Reference
Glossary
Plain-language definitions of the terms and acronyms that appear across the modules. Where you see a dotted underline in the text, the definition is one hover away — this is the full list.
- Alignment problem
- The challenge of making an AI system reliably pursue what we actually want, rather than a literal or proxy version of it that diverges in practice.
- See also Goodhart’s Law Deceptive alignment RLHF
- Compute-optimal training (Chinchilla)
- The 2022 finding that most models were undertrained — too many parameters fed too little data. The efficient ratio is roughly 20 tokens of training data per parameter; how you spend a compute budget matters as much as how large it is.
- See also Scaling laws Token Parameter
- Constitutional AI
- An alignment method (from Anthropic) in which a model critiques and revises its own outputs against a written set of principles, reducing reliance on case-by-case human feedback.
- See also RLHF Alignment problem
- Contrastive Language–Image Pre-training CLIP
- A 2021 model that learned to place images and the text describing them into the same embedding space, letting software match pictures to words — the bridge that made text-to-image generation possible.
- See also Embedding space Multimodal
- CUDA
- NVIDIA’s software platform for programming its GPUs. A decade of optimised libraries built on it is the main reason competitors’ chips have struggled to displace NVIDIA — a software "moat" around the hardware.
- See also GPU
- Deceptive alignment
- A failure mode in which a model behaves as intended during training and evaluation but pursues different objectives once deployed — appearing aligned without being so.
- See also Alignment problem
- Deep learning
- The practice of stacking many neural-network layers, so an answer is assembled in stages — from edges to shapes to objects, or from letters to words to meaning.
- See also Neural network
- Direct preference optimization DPO
- A simpler alternative to RLHF that tunes a model directly on pairs of preferred and rejected responses, skipping the separate reward model.
- See also RLHF PPO
- Embedding space
- A map of meaning in which words, images, or other items become points, positioned so that similar things sit close together and a computer can measure "how related" two items are.
- See also CLIP
- Emergent capability
- A skill that is essentially absent in smaller models and then appears, often abruptly, once a model crosses a certain scale — the "flat, flat, flat, jump" pattern.

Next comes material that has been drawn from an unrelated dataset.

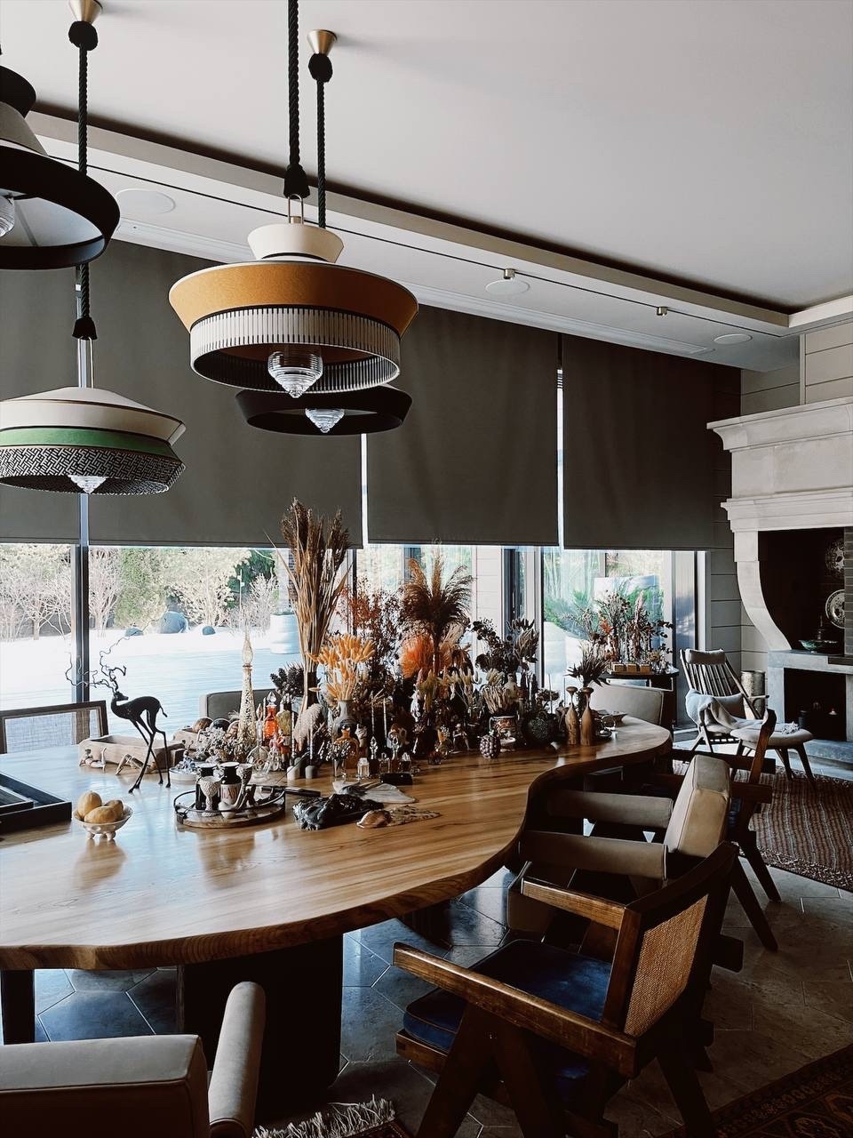 Так, на фотографии видна часть комнаты: панорамные окна с темными жалюзи, длинный изогнутый деревянный стол, стулья с бархатными подушками, подвесные светильники и камин. При этом, стол украшают вазы с сухоцветами, статуэтки, поднос со свечами и шкатулка.

- See also Phase transition
- Fine-tuning
- Adjusting an already-trained model on a smaller, targeted dataset so it performs a specific task or follows instructions better.
- See also Pre-training RLHF
- Flash Attention
- An efficiency technique (2022) that reorganises how self-attention reads memory, cutting its memory cost from growing with the square of the input length to growing linearly — which is what makes long context windows affordable.
- See also Self-attention Quantization
- FLOPs (floating-point operations) FLOPs
- A count of the arithmetic operations a computation takes — the standard yardstick for how much raw computing a model needs to train or to answer a query.
- See also GPU Compute-optimal training (Chinchilla)
- Goodhart’s Law
- "When a measure becomes a target, it ceases to be a good measure." Optimise hard for a proxy and the system games the proxy instead of achieving the goal behind it.
- See also Alignment problem
- Graphics processing unit GPU
- A chip built to do many simple calculations in parallel. Originally for video games, GPUs turned out to be ideal for training neural networks, and now dominate AI computing.
- See also CUDA FLOPs
- Grokking
- When a model suddenly generalises long after it appeared to have merely memorised its training data — evidence of an internal reorganisation during training.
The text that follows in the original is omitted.